# LeetCode Challenge #4: How Many Numbers Are Smaller Than the Current Number

### Problem statement: 
Given the array nums, for each nums[i] find out how many numbers in the array are smaller than it. That is, for each nums[i] you have to count the number of valid j's such that j != i and nums[j] < nums[i].

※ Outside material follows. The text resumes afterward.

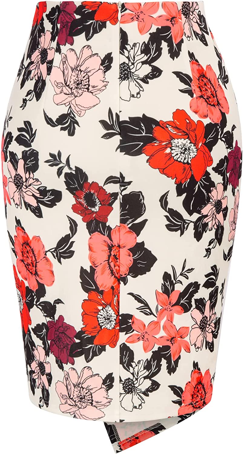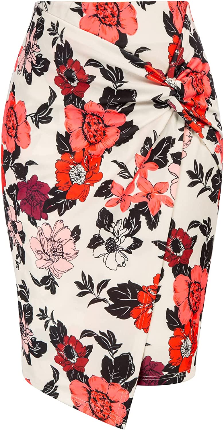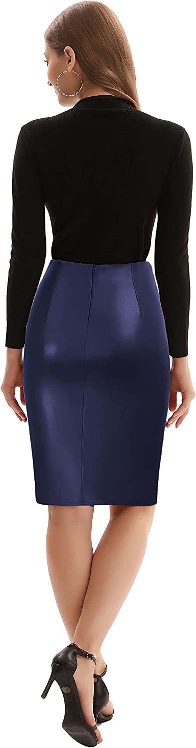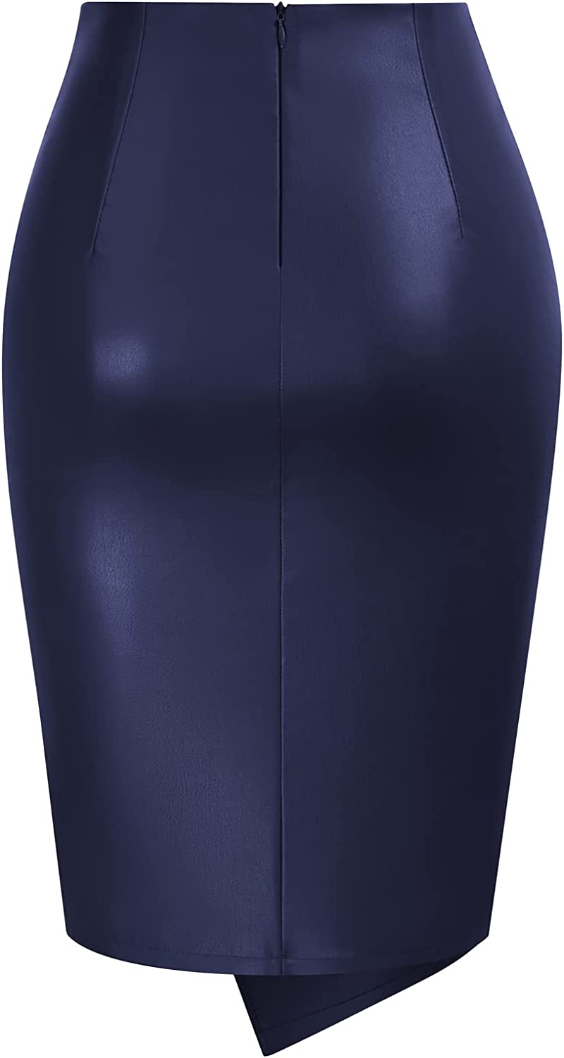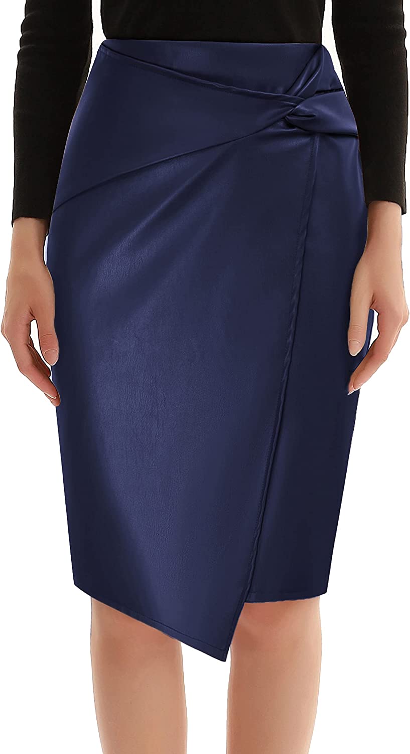 Kate Kasin Wear to Work Pencil Skirts for Women Elastic High Waist Wrap Front

Return the answer in an array.

**Example 1:**
```
Input: nums = [8,1,2,2,3]
Output: [4,0,1,1,3]
```
Explanation: 
- For nums[0]=8 there exist four smaller numbers than it (1, 2, 2 and 3). 
- For nums[1]=1 does not exist any smaller number than it.
- For nums[2]=2 there exist one smaller number than it (1). 
- For nums[3]=2 there exist one smaller number than it (1). 
- For nums[4]=3 there exist three smaller numbers than it (1, 2 and 2).

**Example 2:**
```
Input: nums = [6,5,4,8]
Output: [2,1,0,3]
```
### Step-by-Step Solution
**Identify Patterns**
After reading the problem and examples, we can observe 2 things:
1. The problem output is an array.
2. The brute force way to solve is a nested for loop.
> Although this problem can be solved multiple ways like using a HashMap, I want to keep this tutorial simple. So no data structures.

**Write the Pseudocode** So let's try writing a solution for this problem without code:
1. Initialize the output array called output. It has the same length as nums array.
2. Create a for loop to iterate the current number nums[i].
3. Initialize an int count to track smaller numbers.
4. Create the nested for loop to iterate through nums array to check if nums[j] < nums[i]. If so, increase count by 1 and let output[i] = count.
5. Finally, at the end of the outer for loop, return the output array.

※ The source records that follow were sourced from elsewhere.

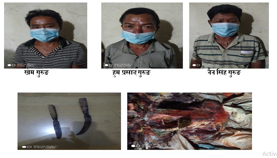 गोरु काटेको आरोपमा स्याङ्जा प्रहरीले तीनजालाई पक्राउ गरेको छ । भदौ २० गते भीरकोट नगरपालिका–८ दाढुकफेदीस्थित जिउँदो गोरुको मासाु खाने गरि गोरु काटेर भागवण्डा लगाउदै
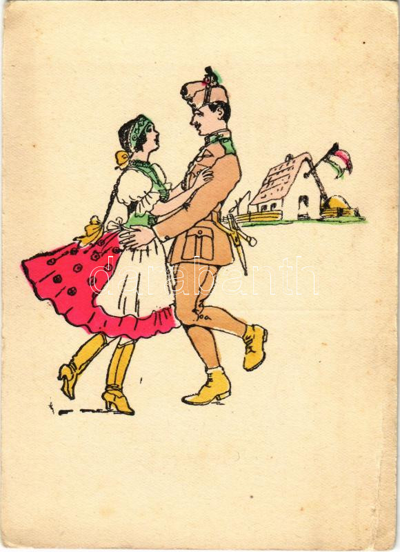 Bevonulás. Kiadja a Délvidéki Egyetemi és Főiskolai Hallgatók Egyesülete / WWII Hungarian military art postcard, entry of the Hungarian troops, irredenta propaganda (EB)
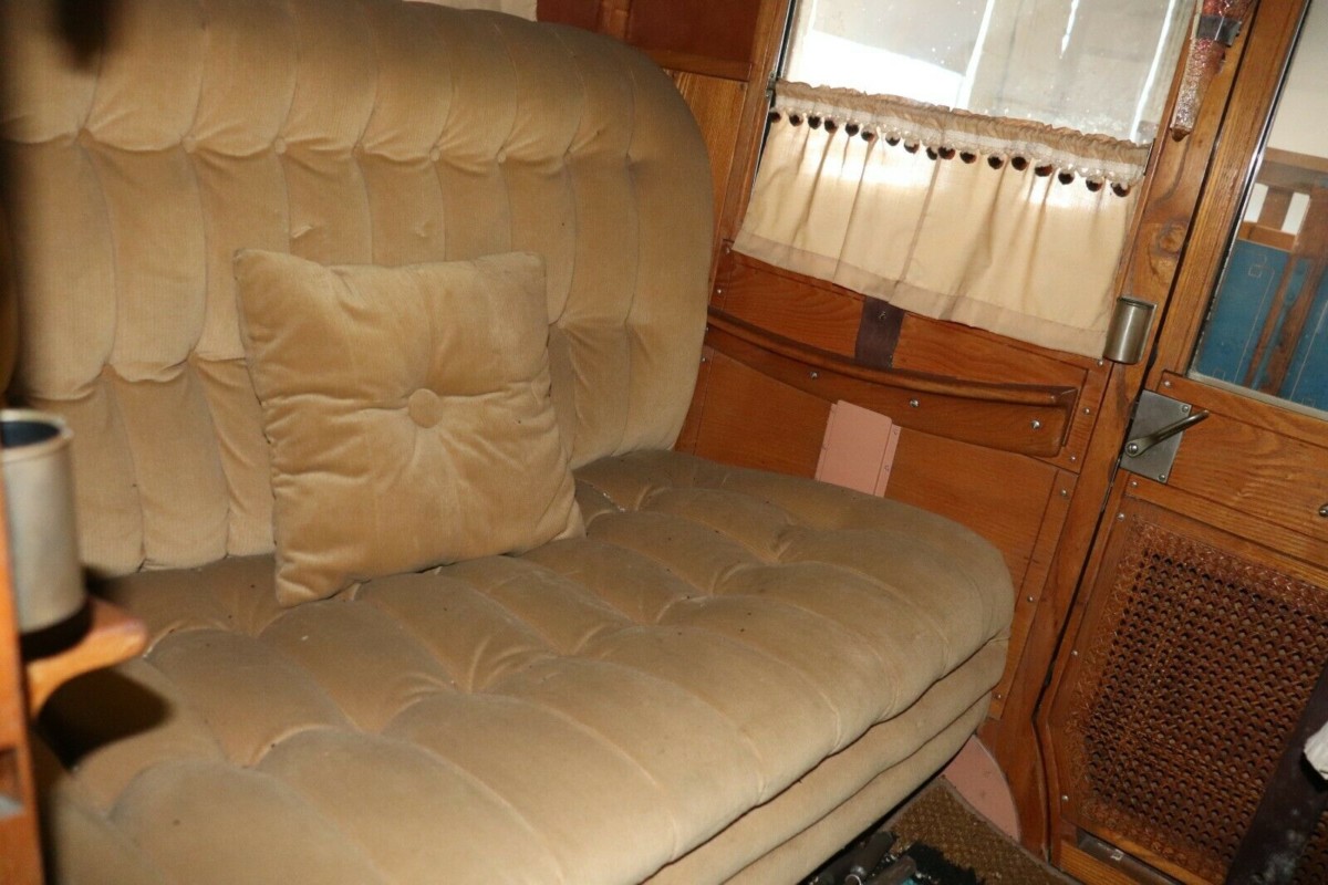When compared to the driver’s compartment, life in the rear seat of the Stanley looks like it was very luxurious. Deeply buttoned cloth upholstery on the seats, an adjustable footrest on the floors, curtains on the windows, and even a pair of vases for freshly cut flowers really set the theme back here. Once again, all of the timberwork remains in nice condition, and as is the case with the driver’s compartment, a deep clean will once again have this area presenting at its luxurious best.

**Let's get coding!** Now, we can write the Java code as follows:
```
class Solution {
    public int[] smallerNumbersThanCurrent(int[] nums) {
        
        int output[] = new int[nums.length];
        
        for(int i = 0; i < nums.length; i++){
            int count = 0;
            for(int j = 0; j < nums.length; j++){
                if(nums[j] < nums[i]){
                    count++;
                    output[i] = count;
                }
            }
        }
        return output;
    }
}
```
### Conclusion
This solution is not optimized both in terms of time and space. The brute force solution is the most beginner-friendly solution I could think of because I want to avoid using data structures and complicated algorithms for this tutorial series. But of course, I encourage everyone to try solving this problem optimally as a challenge. Good luck!